### Data records
- - - - -

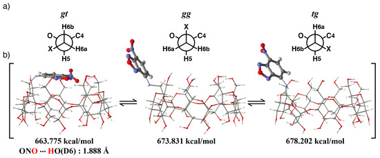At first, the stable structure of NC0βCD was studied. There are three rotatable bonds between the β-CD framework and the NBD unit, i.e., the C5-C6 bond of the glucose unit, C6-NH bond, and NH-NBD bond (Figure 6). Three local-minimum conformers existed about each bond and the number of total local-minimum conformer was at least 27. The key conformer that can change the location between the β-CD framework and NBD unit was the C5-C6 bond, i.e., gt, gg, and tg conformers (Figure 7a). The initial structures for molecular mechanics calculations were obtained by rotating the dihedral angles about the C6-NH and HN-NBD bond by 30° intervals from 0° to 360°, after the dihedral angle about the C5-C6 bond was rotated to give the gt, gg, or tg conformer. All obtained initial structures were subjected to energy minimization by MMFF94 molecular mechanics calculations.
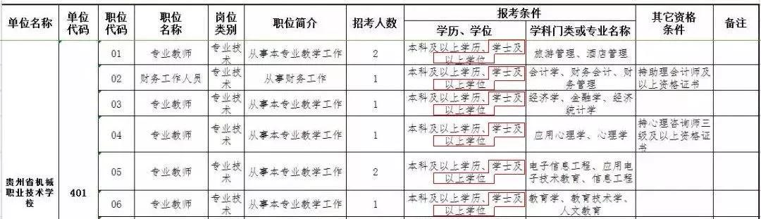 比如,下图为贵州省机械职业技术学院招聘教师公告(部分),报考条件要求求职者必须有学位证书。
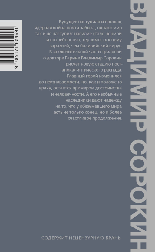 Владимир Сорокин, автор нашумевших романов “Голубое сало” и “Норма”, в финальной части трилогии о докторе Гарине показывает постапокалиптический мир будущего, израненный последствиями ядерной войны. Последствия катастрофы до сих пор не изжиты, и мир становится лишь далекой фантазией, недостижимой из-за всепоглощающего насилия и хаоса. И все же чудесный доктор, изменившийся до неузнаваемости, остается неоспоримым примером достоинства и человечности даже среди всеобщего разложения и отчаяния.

- - - - -

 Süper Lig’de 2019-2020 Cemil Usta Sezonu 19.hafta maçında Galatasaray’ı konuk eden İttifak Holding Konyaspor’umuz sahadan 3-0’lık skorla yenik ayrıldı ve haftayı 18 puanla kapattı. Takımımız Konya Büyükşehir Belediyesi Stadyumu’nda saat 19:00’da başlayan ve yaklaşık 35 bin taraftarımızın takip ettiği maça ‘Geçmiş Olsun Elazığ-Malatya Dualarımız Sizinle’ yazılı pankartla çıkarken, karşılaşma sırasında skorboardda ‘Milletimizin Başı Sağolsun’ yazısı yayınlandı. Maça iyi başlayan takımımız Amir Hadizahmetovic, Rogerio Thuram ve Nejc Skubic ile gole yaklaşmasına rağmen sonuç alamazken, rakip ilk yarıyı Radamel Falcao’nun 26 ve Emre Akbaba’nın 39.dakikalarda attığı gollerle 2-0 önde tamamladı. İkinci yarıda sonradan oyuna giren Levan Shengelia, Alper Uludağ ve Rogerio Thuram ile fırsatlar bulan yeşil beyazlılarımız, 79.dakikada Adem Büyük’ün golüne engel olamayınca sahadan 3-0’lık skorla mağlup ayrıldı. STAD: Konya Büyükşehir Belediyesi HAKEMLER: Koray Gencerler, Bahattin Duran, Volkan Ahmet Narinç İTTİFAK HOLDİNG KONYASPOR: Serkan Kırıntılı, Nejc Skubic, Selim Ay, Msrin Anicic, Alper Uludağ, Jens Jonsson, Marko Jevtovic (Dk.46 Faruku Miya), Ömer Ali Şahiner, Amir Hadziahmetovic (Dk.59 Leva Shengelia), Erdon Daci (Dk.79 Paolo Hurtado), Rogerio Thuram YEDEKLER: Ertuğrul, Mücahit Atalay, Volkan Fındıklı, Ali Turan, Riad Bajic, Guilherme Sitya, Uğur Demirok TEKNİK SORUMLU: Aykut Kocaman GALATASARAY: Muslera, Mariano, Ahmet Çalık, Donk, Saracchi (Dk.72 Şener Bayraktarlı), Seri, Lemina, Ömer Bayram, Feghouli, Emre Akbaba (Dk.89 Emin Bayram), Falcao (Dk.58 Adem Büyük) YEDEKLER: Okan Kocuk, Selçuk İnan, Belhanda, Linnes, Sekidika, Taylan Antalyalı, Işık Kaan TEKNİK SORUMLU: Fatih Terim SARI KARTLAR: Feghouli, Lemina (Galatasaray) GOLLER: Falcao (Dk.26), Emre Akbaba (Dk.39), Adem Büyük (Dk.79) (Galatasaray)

- - - - -

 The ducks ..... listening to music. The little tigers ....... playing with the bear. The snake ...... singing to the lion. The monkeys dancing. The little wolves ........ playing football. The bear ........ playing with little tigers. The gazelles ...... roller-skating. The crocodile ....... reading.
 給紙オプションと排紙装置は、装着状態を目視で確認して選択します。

- - - - -

### What is required
Would you retype exactly the lines above, from the line with "The ducks ....." to the line with "給紙オプションと排紙装置は、装着状態を目視で確認して選択します。", with both end lines kept and nothing more?

### Response
 The ducks ..... listening to music. The little tigers ....... playing with the bear. The snake ...... singing to the lion. The monkeys dancing. The little wolves ........ playing football. The bear ........ playing with little tigers. The gazelles ...... roller-skating. The crocodile ....... reading.
 給紙オプションと排紙装置は、装着状態を目視で確認して選択します。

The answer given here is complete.